“What’s the title?”
In the years leading up to the release of “Goodbye, Butterfly: Murder, Faith and Forgiveness in a Small Kansas Town,” that was the question people asked more than any other. For six years, I didn’t have an answer.
Book titles are tricky. They are also incredibly important. Without a good title, you’re probably not going to sell many books. And that’s where the tricky part, at least for me, came in to play.
Before “Goodbye, Butterfly” actually became a book, it was really just an idea in a Promotions Writing class at Washburn University. I was more than halfway through graduate school, and the Mass Media department was kind enough to shape undergraduate classes for grad credit, which typically meant writing longer papers and more extensive projects than the rest of the class.
During that class in the Spring 2016 semester, I pitched building a marketing plan, with collateral, to the professor of the course, Dr. Rick Duet, for a potential book about Brenda Michelle Keller, who was murdered in Dover, Kansas, in 1991.
Much of my work during that class was mapping out press releases, advertisements, book pitches, videos and social media to promote a book about Brenda, Dover and her family (Much of it incorporated into a successful marketing plan eight years later). I naively set a timeline of finishing the book in less than a year (it ended up taking more than seven years).
As part of the marketing plan, I tinkered with book titles and cover designs. In that class, I landed on “Death in Dover” and a cover that featured Brenda’s headstone. Obviously, that is not the title or cover of the published book.
It became clear early in the research process that I was not going to use Brenda’s marker on the cover. After meeting with her parents, family and friends, it seemed exploitative. It was also obvious that the title wasn’t going to be “Death in Dover.” That was confusing (there are plenty of Dovers on the planet, and, frankly, it was boring).
The title and cover went to the backburner in 2017 and stayed there for more than five years as I meticulously researched Brenda’s case, wrote multiple drafts and edited/refined the story.
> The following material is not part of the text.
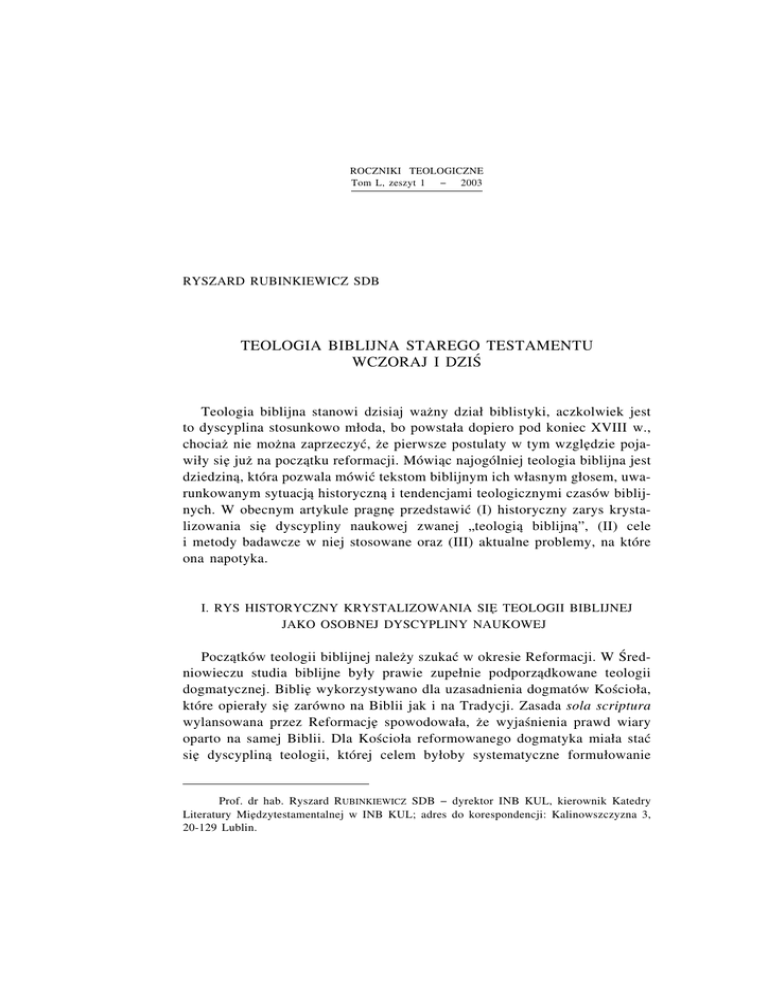 ROCZNIKI TEOLOGICZNE Tom L, zeszyt 1 − 2003 RYSZARD RUBINKIEWICZ SDB TEOLOGIA BIBLIJNA STAREGO TESTAMENTU WCZORAJ I DZIŚ Teologia biblijna stanowi dzisiaj ważny dział biblistyki, aczkolwiek jest to dyscyplina stosunkowo młoda, bo powstała dopiero pod koniec XVIII w., chociaż nie można zaprzeczyć, że pierwsze postulaty w tym wzgle˛dzie pojawiły sie˛ już na poczatku ˛ reformacji. Mówiac ˛ najogólniej teologia biblijna jest dziedzina, ˛ która pozwala mówić tekstom biblijnym ich własnym głosem, uwarunkowanym sytuacja˛ historyczna˛ i tendencjami teologicznymi czasów biblijnych. W obecnym artykule pragne˛ przedstawić (I) historyczny zarys krystalizowania sie˛ dyscypliny naukowej zwanej „teologia˛ biblijna”, ˛ (II) cele i metody badawcze w niej stosowane oraz (III) aktualne problemy, na które ona napotyka. I. RYS HISTORYCZNY KRYSTALIZOWANIA SIE˛ TEOLOGII BIBLIJNEJ JAKO OSOBNEJ DYSCYPLINY NAUKOWEJ Poczatków ˛ teologii biblijnej należy szukać w okresie Reformacji. W Średniowieczu studia biblijne były prawie zupełnie podporzadkowane ˛ teologii dogmatycznej. Biblie˛ wykorzystywano dla uzasadnienia dogmatów Kościoła, które opierały sie˛ zarówno na Biblii jak i na Tradycji. Zasada sola scriptura wylansowana przez Reformacje˛ spowodowała, że wyjaśnienia prawd wiary oparto na samej Biblii. Dla Kościoła reformowanego dogmatyka miała stać sie˛ dyscyplina˛ teologii, której celem byłoby systematyczne formułowanie Prof. dr hab. Ryszard RUBINKIEWICZ SDB − dyrektor INB KUL, kierownik Katedry Literatury Mie˛dzytestamentalnej w INB KUL; adres do korespondencji: Kalinowszczyzna 3, 20-129 Lublin. RYSZARD RUBINKIEWICZ SDB 40 nauki zawartej w Biblii. To nowe spojrzenie na Biblie˛ doprowadziło do pogłe˛bienia studiów nad oryginalnymi je˛zykami Pisma świe˛tego i do uznania roli studiów historycznych w badaniu tekstów biblijnych. Kościół protestancki podkreślał, że Biblie˛ należy interpretować z punktu widzenia historycznego, a nie alegorycznego. Jednakże ta pierwsza intuicja w badaniach nad Biblia˛ została zagubiona w okresie postreformacji. Z powrotem spojrzano na Biblie˛ jako na ksie˛ge˛, w której nie umiano dopatrzyć sie˛ jakiegokolwiek rozwoju idei teologicznych. Reakcja na ten stan rzeczy przyszła w epoce Oświecenia. Była ona tak silna, że wymkne˛ła sie˛ spod kontroli Kościoła i teologów. Roszczac ˛ sobie prawo do „pełnej obiektywności” zacze˛to interpretować Biblie˛ jako czysty produkt historii. Uważano, że jest ona kompilacja˛ starożytnych wierzeń Izraela i że do treści religijnych w niej zawartych należy podchodzić tak samo, jak do każdej innej religii. Przełomowym momentem w rozwoju teologii biblijnej był wykład J. P. Gablera wygłoszony na wydziale teologicznym w Altdorf w 1787 r. Wyróżnił on „teologie˛ biblijna”, ˛ która − jego zdaniem − ma charakter historyczny (genere historico) i teologie˛ dogmatyczna˛ majac ˛ a˛ charakter dydaktyczny (genere didactico). Według niego teologia biblijna ma wytyczać droge˛ powstawania religijnych pogladów ˛ w Izraelu i ustalać, co pisarze biblijni myśleli w sprawach religijnych. Tymczasem teologia dogmatyczna, korzystajac ˛ z wyników badań teologii biblijnej, ma wywodzić z nich idee o charakterze powszechnym odwołujac ˛ sie˛ przy tym do poje˛ć filozoficznych. Gabler był racjonalista˛ podobnie jak wielu jego naśladowców. Tacy badacze, jak G. P. Kaiser1, W. M. L. de Wette2 czy D. G. C. von Cölln3, wychodzac ˛ z racjonalistycznych przesłanek uważali, że w Biblii obecne sa˛ poglady ˛ religijne, które sa˛ zgodne z powszechnymi prawami rozumu. Racjonalizm został wyparty przez idealistyczna˛ filozofie˛ Hegla († 1813). Hegel uważał, że Idea Absolutu lub sam Absolutny Duch odwiecznie ujawnia sie˛ we wszechświecie i w ludzkich sprawach. Sadził ˛ też, że myśl ludzka rozwija sie˛ na kanwie dialektycznego wzorca tezy – antytezy i syntezy. Wpływ Hegla na teologie˛ biblijna˛ pierwszej połowy XIX w. był znaczny. Jednym 1 Die biblische Theologie oder Judaismus und Christianismus nach der grammatischhistorischen Interpretationsmethode und nach einer fremutigen Stellung in die Kritisch–vergleichende Universal–geschichte der Religionen und in die universale Religion, Bd. 1-3, Erlangen 1813-1821. 2 Biblische Dogmatik Alten und Neuen Testaments, Berlin 1813. 3 Biblische Theologie, Leipzig 1836. TEOLOGIA BIBLIJNA STAREGO TESTAMENTU WCZORAJ I DZIŚ 41 z jego zwolenników był W. Vatke4. Rozumiał on łańcuch historycznych wydarzeń opisanych w Biblii jako samoobjawianie sie˛ „absolutnego Ducha”. Idac ˛ za tym pogladem ˛ uważał, że różnego rodzaju ewolucyjne etapy rozwoju religii odpowiadały wielu etapom rozwoju świadomości. Punktem kulminacyjnym tak pojmowanej religii − zdaniem Vatkego − jest chrześcijaństwo. F. C. Baur – również pod wpływem Hegla – porzuciwszy wysiłki racjonalistów starajacych ˛ sie˛ odnaleźć ponadczasowe prawdy w NT skierował swoja˛ uwage˛ na historyczne przemiany, jakie dokonywały sie˛ w pierwotnym Kościele. Punktem wyjścia dla jego przemyśleń było nauczanie Jezusa. Jego zdaniem nie było ono jeszcze teologia, ˛ ale wyrazem religijnej świadomości. Według Baura pierwszym chrześcijańskim teologiem był Paweł, który zajał ˛ stanowisko w kwestii Prawa Mojżeszowego twierdzac, ˛ że chrześcijanin jest od niego wolny (teza). Przeciwne stanowisko zaje˛ło środowisko Jakuba i Piotra głosza˛ ce, że Prawo jest wartościa˛ stała˛ i musi pozostać istotnym elementem chrześcijańskiego Kościoła (antyteza). Z tego konfliktu miał wyróść w II w. po Chr. Kościół jako efekt pogodzenia dwóch przeciwstawnych sobie pogladów ˛ teologicznych (synteza). F. C. Baur stał sie˛ założycielem tzw. Szkoły z Tübingen, która miała ogromny wpływ na badania NT w Niemczech. Tego rodzaju poglady ˛ spotkały sie˛ ze sprzeciw

I realized as the book entered the final phase at the beginning of 2023 that we really needed a title.
Nothing I came up with sounded good. Several ideas just didn’t fit. Then, in the spring of 2023 and a few months before we met with our publisher, Clovercroft, the title came to me in a dream. I don’t remember any details, but I woke up at 3 a.m. and texted myself “Goodbye, Butterfly: Murder, faith and forgiveness in Kansas.”
When I woke up several hours later, I read the text and realized that we finally had a working title. Within a few days, we had the final title.
I’m still occasionally asked about the title. I realized early on that “Goodbye, Butterfly” won’t register with everyone who sees the cover. But the book has always been about honoring Brenda’s legacy, and the title is a nod to a story she wrote not long before she died. It is also included on her headstone and at the end of the book:
“Once upon a time, there was a boy. The boy had a very favorite spot under a tree. One day, he was sitting under his tree when he saw a very pretty caterpillar. It had a yellow stripe down his back and was all green. The boy took the caterpillar home and put it in a cage. The boy fed his caterpillar leaves every day. One morning, the caterpillar was not in the cage, but there was a little oval-shaped ball. The boy took the cage downstairs and showed it to his mother. His mother said that it was a cocoon. The boy put it back up in his room and went outside to his favorite tree. He sat and thought about his caterpillar. How he wished he could play with his caterpillar under his tree. He lay in the leaves and thought of all the different caterpillars. Soon, his mom called, and it was time to eat. After supper, he went to bed and dreamed about caterpillars. He waited several weeks, and the caterpillar didn’t come out. One day, the boy was sitting in the pile of leaves under the tree, and the cocoon began to wiggle. The boy watched, and soon he saw a little bit of cocoon start to split open. Soon, he was looking at a very beautiful butterfly. The boy opened the cage door, and the beautiful butterfly flew away. The boy shouted, ‘Goodbye!”
Hence, the final title: “Goodbye, Butterfly.” Once that was settled, the cover design came together easily, and we settled on a simple black background with a large monarch butterfly seemingly popping out of the book. I’m proud to say I learned design at my alma mater utilized those skills to design my own cover.